** Opening The input block **
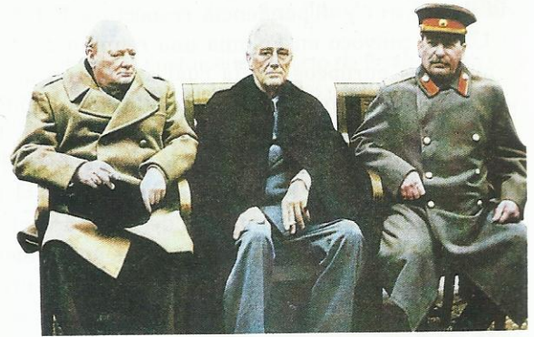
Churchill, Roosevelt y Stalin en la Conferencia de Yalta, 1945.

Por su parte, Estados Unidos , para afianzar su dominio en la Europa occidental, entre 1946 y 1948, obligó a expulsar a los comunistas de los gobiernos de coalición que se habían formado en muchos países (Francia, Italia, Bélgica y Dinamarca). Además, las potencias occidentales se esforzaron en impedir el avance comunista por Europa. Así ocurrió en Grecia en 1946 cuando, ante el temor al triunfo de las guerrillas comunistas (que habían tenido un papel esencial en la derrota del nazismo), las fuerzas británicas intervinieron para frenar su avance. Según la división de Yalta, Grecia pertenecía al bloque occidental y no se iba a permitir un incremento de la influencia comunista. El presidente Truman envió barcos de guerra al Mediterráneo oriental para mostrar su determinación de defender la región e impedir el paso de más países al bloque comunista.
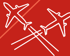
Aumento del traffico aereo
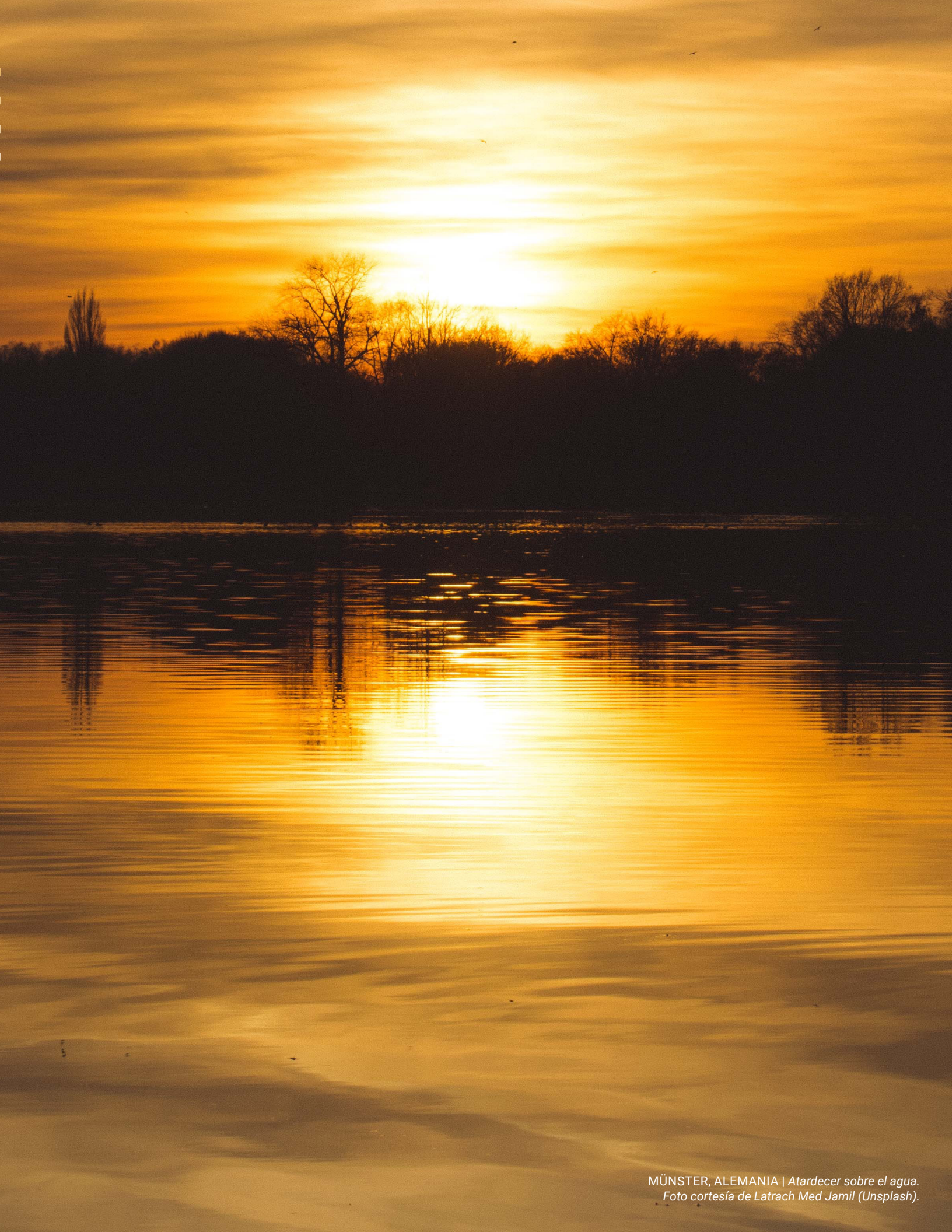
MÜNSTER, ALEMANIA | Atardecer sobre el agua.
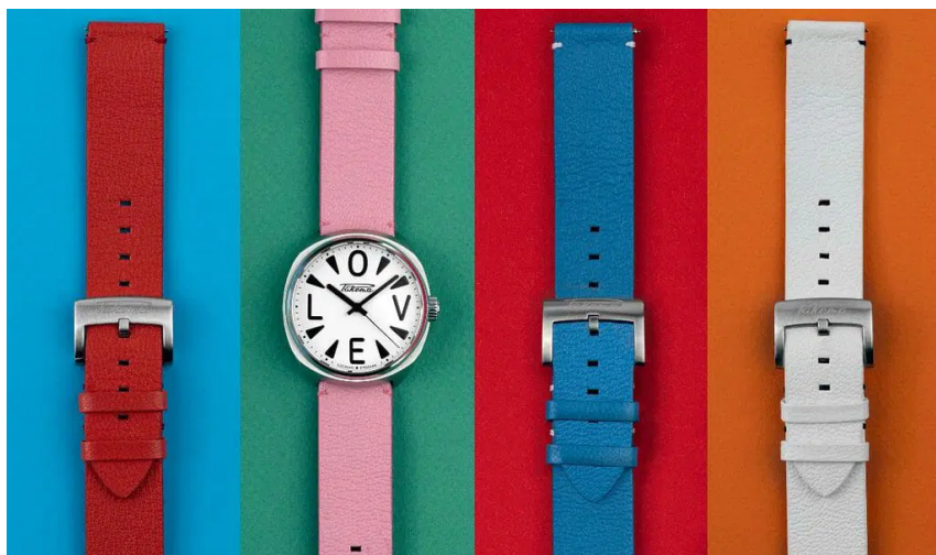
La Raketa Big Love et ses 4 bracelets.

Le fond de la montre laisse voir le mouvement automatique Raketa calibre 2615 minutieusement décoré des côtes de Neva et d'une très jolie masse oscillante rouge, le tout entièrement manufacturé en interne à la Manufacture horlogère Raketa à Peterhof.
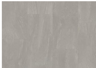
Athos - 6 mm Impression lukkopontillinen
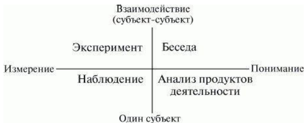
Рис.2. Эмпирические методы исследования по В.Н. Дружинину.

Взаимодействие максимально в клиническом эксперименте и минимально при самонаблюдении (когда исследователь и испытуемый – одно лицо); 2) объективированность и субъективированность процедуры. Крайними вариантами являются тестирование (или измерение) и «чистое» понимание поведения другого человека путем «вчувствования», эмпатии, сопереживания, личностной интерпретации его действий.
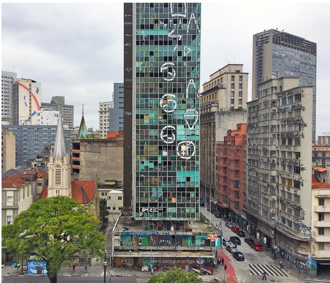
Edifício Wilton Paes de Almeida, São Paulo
** Closing The input block **
• [Exercise prompt]:
In the entries above, copy each line that contains the string "Yalta".

• [Exercise answer]:
Churchill, Roosevelt y Stalin en la Conferencia de Yalta, 1945.
Por su parte, Estados Unidos , para afianzar su dominio en la Europa occidental, entre 1946 y 1948, obligó a expulsar a los comunistas de los gobiernos de coalición que se habían formado en muchos países (Francia, Italia, Bélgica y Dinamarca). Además, las potencias occidentales se esforzaron en impedir el avance comunista por Europa. Así ocurrió en Grecia en 1946 cuando, ante el temor al triunfo de las guerrillas comunistas (que habían tenido un papel esencial en la derrota del nazismo), las fuerzas británicas intervinieron para frenar su avance. Según la división de Yalta, Grecia pertenecía al bloque occidental y no se iba a permitir un incremento de la influencia comunista. El presidente Truman envió barcos de guerra al Mediterráneo oriental para mostrar su determinación de defender la región e impedir el paso de más países al bloque comunista.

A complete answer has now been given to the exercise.